_TASK INSTRUCTIONS_:
Retype all of the listing exactly, passing over any picture you find.

*** Opening of DATA PROVIDED ***

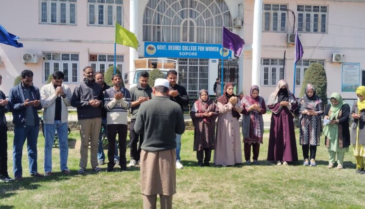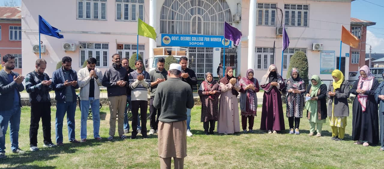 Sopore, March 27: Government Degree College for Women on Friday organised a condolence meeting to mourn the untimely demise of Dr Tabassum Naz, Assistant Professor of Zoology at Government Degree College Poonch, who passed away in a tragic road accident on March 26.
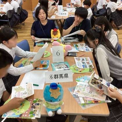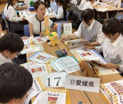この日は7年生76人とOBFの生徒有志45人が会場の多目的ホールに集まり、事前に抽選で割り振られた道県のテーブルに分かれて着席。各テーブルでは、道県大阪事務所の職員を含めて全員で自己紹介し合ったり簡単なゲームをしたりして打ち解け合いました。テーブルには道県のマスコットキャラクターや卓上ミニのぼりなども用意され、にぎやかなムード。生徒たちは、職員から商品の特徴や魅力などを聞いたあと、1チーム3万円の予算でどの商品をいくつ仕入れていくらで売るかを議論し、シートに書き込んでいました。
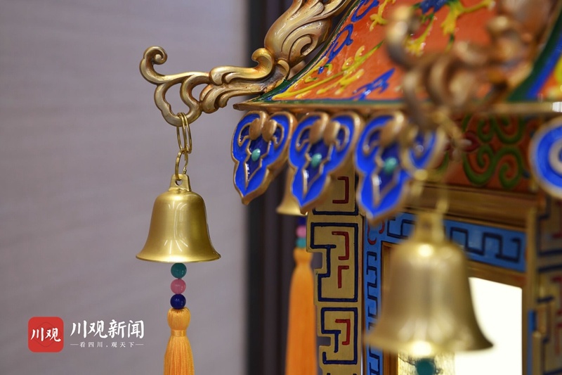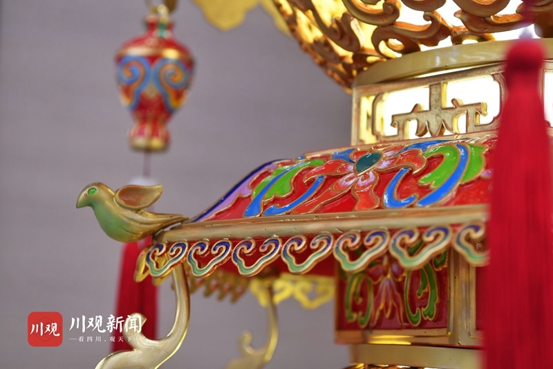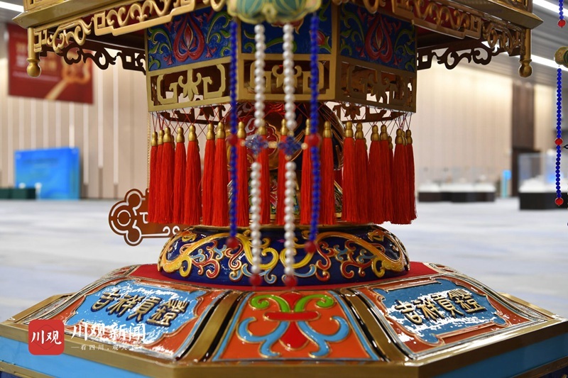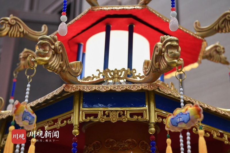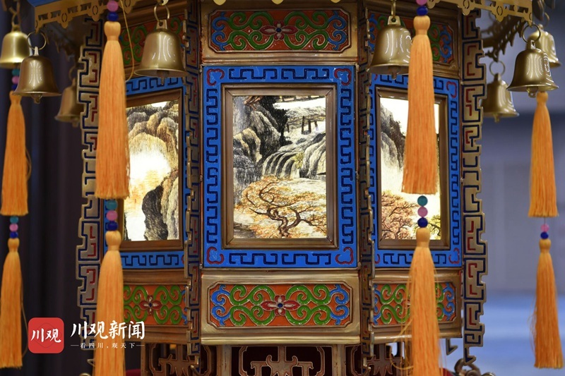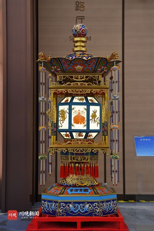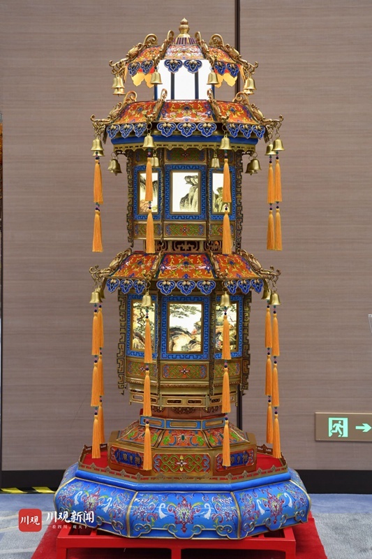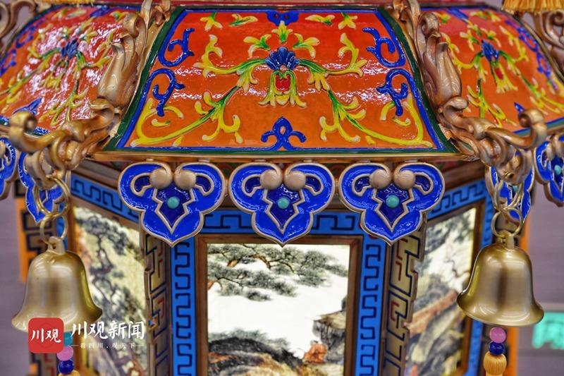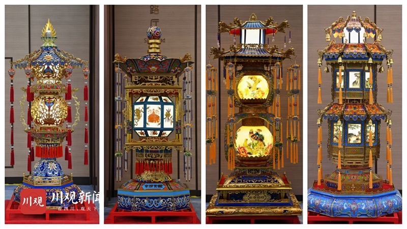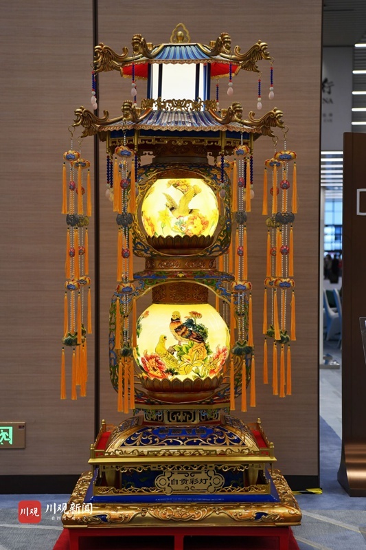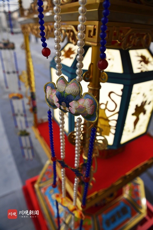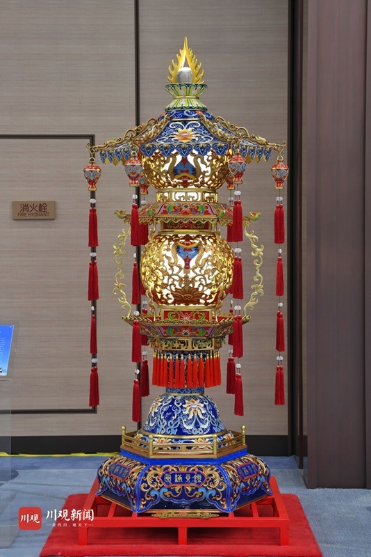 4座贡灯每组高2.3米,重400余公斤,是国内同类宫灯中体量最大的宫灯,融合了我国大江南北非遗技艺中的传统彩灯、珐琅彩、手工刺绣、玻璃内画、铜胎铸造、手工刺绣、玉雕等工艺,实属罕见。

*** Close of DATA PROVIDED ***

_RESPONSE_:
 Sopore, March 27: Government Degree College for Women on Friday organised a condolence meeting to mourn the untimely demise of Dr Tabassum Naz, Assistant Professor of Zoology at Government Degree College Poonch, who passed away in a tragic road accident on March 26.
この日は7年生76人とOBFの生徒有志45人が会場の多目的ホールに集まり、事前に抽選で割り振られた道県のテーブルに分かれて着席。各テーブルでは、道県大阪事務所の職員を含めて全員で自己紹介し合ったり簡単なゲームをしたりして打ち解け合いました。テーブルには道県のマスコットキャラクターや卓上ミニのぼりなども用意され、にぎやかなムード。生徒たちは、職員から商品の特徴や魅力などを聞いたあと、1チーム3万円の予算でどの商品をいくつ仕入れていくらで売るかを議論し、シートに書き込んでいました。
 4座贡灯每组高2.3米,重400余公斤,是国内同类宫灯中体量最大的宫灯,融合了我国大江南北非遗技艺中的传统彩灯、珐琅彩、手工刺绣、玻璃内画、铜胎铸造、手工刺绣、玉雕等工艺,实属罕见。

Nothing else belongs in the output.